Before NORRIS, HIGHTOWER and BROWN, JJ.

NORRIS, Judge.

The defendant, Bill Collinsworth a/k/a Billy W. Collinsworth,[1] appeals a judgment maintaining an exception of prescription, and issuing a Stay Order enjoining him from attempting to pursue arbitration proceedings with the plaintiff, ConAgra Poultry Company a/k/a ConAgra Inc. ("ConAgra"). For the reasons assigned, the judgment of the District *1281 Court is reversed and judgment rendered.

I.

Collinsworth was employed in the poultry growing business. On May 24, 1994, he signed a ten year contract with ConAgra to raise chickens. The contract contained language which provides for arbitration over all claims and disputes arising out of the contract. The contract also permissively granted either party ten days to demand arbitration from the date a claim was known or reasonably should have been known.
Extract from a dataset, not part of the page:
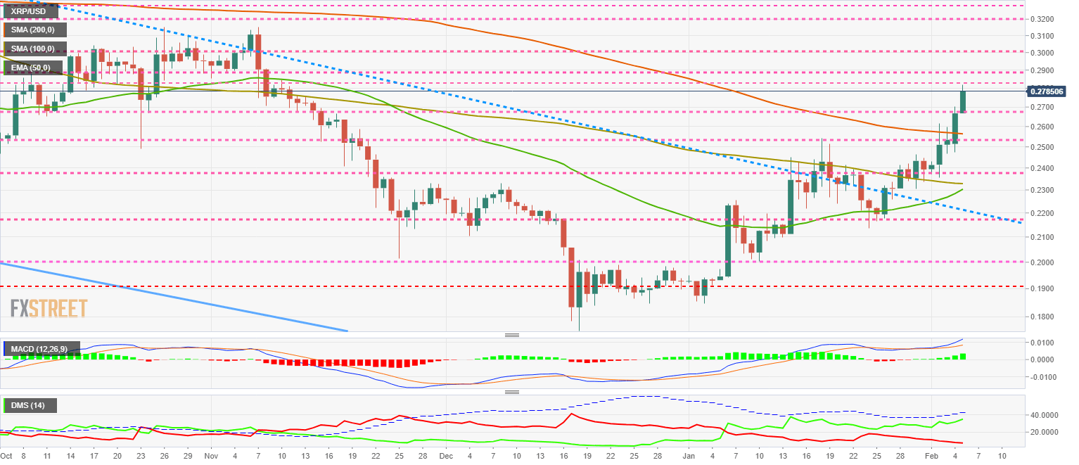 XRP/USD is currently trading at $0.2785 after a first attempt at the $0.28 level. Today's significant rise immediately followed yesterday's move above the SMA200. Ripple’s XRP is approaching a complex zone full of resistance, a barrier that doesn't end until it passes $0.315.

Eventually, ConAgra became dissatisfied with Collinsworth's performance. On October 10, 1995, ConAgra's Broiler manager, Mr. Fred Stewart, met with Collinsworth to relay ConAgra's displeasure, to notify Collinsworth that only two more batches of baby chickens would be delivered, and that the contract would terminate upon the chickens' maturity (some time in February of 1996). On October 30, 1995, ConAgra wrote a follow up letter to Collinsworth confirming that no more birds would be provided.[2] In February of 1996, ConAgra stopped delivering the baby chickens. In September of 1996, Collinsworth notified ConAgra of his intent to seek arbitration pursuant to the contract. On October 1, 1996, a formal demand was made for arbitration with the American Arbitration Association, and two days later, Collinsworth's attorney notified ConAgra that a claim had submitted to arbitration.

II.

In response, ConAgra filed the instant Rule to Show Cause in Bienville Parish District Court urging an exception of prescription and requesting a stay order to enjoin Collinsworth from pursuing arbitration. Collinsworth filed an answer to the rule, and reconvened to demand arbitration, dismissal of the rule, and sanctions and attorney fees. The District Court sustained the exception, issued the stay order[3], denied the request for sanction and attorney fees, and cast all costs of the proceedings to Collinsworth. From that judgment Collinsworth appeals raising two assignment of error: (1) the trial court erred in holding that the arbitration request of Mr. Collinsworth had prescribed and in issuing a Stay Order, and (2) the trial court erred in refusing to order arbitration.

III.

The determination as to whether to enjoin or order arbitration is a question of law. Hennecke v. Canepa, 96-0772 (La.App. 4 th Cir. 5/21/97), 700 So.2d 521. Appellate review of questions of law is simply to determine whether the trial court was legally correct or legally incorrect. Cangelosi v. Allstate Ins. Co., 96, 0159 (La.App. 1st Cir. 9/27/96), 680 So.2d 1358, writ denied 96-2586 (La.12/13/96), 692 So.2d 375; National Tea Co. v. Plymouth Rubber Co., 95, 254 (La.App. 5 th Cir. 10/18/95), 663 So.2d 801 citing Phoenix Assur. Co. v. Shell Oil Co., 611 So.2d 709 (La.App. 4 th Cir.1992). If the trial court's decision was based on its erroneous interpretation or application of law, rather than a valid exercise of discretion, such incorrect decision is not entitled to deference by the *1282 reviewing court. Roberts v. Cox, 28, 094 (La.App.2d Cir. 2/28/96), 669 So.2d 633; Kem Search, Inc. v. Sheffield, 434 So.2d 1067 (La. 1983).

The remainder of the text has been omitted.